Ms. O'Donnell wanted to stay on only for one more year, but the network wanted to keep her for three. "A three-year deal, I didn't want to do. And a one-year deal, they couldn't do. And so here we are, but it's OK. And the blog will continue," Rosie said this morning on her video blog.

A spokeswoman for "The View" did not return calls for comment.

Will guest host
Ms. O'Donnell, during her announcement this morning, said she will occasionally guest host on "The View," as well as continue with other projects for the network, such as a planned one-hour special on autism.

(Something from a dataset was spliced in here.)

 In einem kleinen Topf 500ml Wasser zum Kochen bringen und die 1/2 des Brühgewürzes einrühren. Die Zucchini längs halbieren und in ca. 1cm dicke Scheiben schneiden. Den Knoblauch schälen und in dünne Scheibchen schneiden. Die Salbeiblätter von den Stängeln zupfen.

Ms. O'Donnell often found herself in the hot seat by voicing her opinions on such topics as 9/11 conspiracy theories and President George W. Bush. Last year, a heated name-calling feud started between Ms. O'Donnell and Donald Trump. The spat garnered major press coverage and left "View" creator and co-host Barbara Walters stuck in the middle.

Despite her theatrics on the show, Ms. O'Donnell has helped raise ratings for "The View," which was up 15% in female demographics during February sweeps.

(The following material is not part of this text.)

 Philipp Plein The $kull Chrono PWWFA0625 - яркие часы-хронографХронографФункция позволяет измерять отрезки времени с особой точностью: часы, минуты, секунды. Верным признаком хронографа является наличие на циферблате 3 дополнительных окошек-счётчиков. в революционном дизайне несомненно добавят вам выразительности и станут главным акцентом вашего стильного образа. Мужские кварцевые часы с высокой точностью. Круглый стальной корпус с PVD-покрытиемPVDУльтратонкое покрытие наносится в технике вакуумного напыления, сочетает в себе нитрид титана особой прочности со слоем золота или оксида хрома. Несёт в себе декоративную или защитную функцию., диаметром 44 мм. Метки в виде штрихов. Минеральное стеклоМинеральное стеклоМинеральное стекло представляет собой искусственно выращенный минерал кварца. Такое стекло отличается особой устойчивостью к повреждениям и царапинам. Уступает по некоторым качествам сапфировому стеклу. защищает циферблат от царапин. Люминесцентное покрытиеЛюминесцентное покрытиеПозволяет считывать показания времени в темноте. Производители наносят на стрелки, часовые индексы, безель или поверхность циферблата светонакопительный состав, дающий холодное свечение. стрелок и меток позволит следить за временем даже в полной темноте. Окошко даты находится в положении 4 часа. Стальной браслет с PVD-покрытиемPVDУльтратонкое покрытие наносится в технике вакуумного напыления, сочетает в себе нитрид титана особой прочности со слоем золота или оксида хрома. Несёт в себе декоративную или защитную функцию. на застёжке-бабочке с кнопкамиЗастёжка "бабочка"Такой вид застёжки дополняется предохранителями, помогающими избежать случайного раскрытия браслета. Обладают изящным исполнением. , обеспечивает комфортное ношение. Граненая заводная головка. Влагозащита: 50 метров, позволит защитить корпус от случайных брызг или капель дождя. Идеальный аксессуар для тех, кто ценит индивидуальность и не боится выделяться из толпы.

She has also shown an ability to plug the show's sponsors during tapings with giveaways. She even placed brands in Broadway-style songs she performed on-air. Among "The View's" top advertisers are Procter & Gamble Co., Johnson & Johnson, Altria Group, SC Johnson & Son, Sears Holdings Corp., Clorox Co., GlaxoSmithKline, Abbott Lab and Unilever.

K-C saw results
A Kimberly-Clark Corp. spokesman declined to comment on Ms. O'Donnell's contract status or possible departure from the show. But he did say that a multibrand giveaway promotion Kimberly-Clark launched in January that was heavily integrated into "The View" and included a song-and-dance sendoff from Ms. O'Donnell "was one of our most successful promotions ever."

The partnership "was with 'The View,' not Rosie O'Donnell," the spokesman noted. He said Kimberly-Clark had no plans to pull any advertising from the show over any of her comments.

A P&G spokeswoman likewise said the company hadn't made any changes in its advertising plans because of Ms. O'Donnell's comments.

Balanced by others
"We find that 'The View' reaches a great target audience for our brands, and so we continue to advertise on it," she said. Previously, in explaining why P&G had stuck with "The View" while pulling its ads from Imus, she noted that Ms. O'Donnell's viewpoint is one of many expressed on the show and is balanced by other viewpoints.

(P&G is well aware of the potential pain involved in crossing Ms. O'Donnell. In the 1990s, when she had her own syndicated talk show, P&G's Scope brand issued a press release based on a survey naming Ms. O'Donnell the "least kissable celebrity in America." Ms. O'Donnell responded with a "Just Say Nope to Scope" segment on her show.)

Ms. O'Donnell most recently stirred controversy when she made comments about News Corp. chief Rupert Murdoch at a New York Women in Communication awards luncheon on Monday. "This is a celebration of women who changed the world," she said, "and no one understands why Rupert Murdoch is on the dais. I mean that in the kind, loving Post-like way, sir; it's delightful to see you in person."